• [Aim of the exercise] Everything from the line containing "Es gibt viel zu tun, packen wir's an!" through the line containing "利用本土化有機介質栽培彩色海芋" in the listing below should be copied exactly, and nothing more.

• [Data in this exercise]
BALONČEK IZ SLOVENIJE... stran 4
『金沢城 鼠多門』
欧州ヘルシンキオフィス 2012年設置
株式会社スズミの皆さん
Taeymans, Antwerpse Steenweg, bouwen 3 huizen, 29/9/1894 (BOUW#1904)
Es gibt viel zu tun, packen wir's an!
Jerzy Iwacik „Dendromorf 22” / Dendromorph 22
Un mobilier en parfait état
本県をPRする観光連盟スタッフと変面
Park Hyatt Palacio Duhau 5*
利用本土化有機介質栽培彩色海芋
...
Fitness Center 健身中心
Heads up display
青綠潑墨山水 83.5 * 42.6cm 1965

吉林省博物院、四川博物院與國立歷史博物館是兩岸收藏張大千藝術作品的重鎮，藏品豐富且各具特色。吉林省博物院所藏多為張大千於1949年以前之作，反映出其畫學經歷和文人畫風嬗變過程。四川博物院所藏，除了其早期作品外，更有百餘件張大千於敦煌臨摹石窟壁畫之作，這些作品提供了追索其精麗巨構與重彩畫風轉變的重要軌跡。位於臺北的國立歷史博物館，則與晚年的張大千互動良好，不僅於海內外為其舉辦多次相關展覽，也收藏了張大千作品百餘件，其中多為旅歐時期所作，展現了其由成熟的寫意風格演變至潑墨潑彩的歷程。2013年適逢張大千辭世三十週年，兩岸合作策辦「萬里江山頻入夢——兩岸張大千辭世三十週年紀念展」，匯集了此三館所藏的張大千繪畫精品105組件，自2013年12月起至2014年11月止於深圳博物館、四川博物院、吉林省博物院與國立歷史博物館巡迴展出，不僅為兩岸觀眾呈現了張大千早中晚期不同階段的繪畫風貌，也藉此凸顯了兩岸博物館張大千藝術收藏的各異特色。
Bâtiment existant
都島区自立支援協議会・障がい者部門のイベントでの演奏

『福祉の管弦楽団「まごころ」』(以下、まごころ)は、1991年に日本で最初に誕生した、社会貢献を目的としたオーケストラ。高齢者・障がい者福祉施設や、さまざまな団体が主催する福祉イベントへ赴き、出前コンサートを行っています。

• [Output]
Es gibt viel zu tun, packen wir's an!
Jerzy Iwacik „Dendromorf 22” / Dendromorph 22
Un mobilier en parfait état
本県をPRする観光連盟スタッフと変面
Park Hyatt Palacio Duhau 5*
利用本土化有機介質栽培彩色海芋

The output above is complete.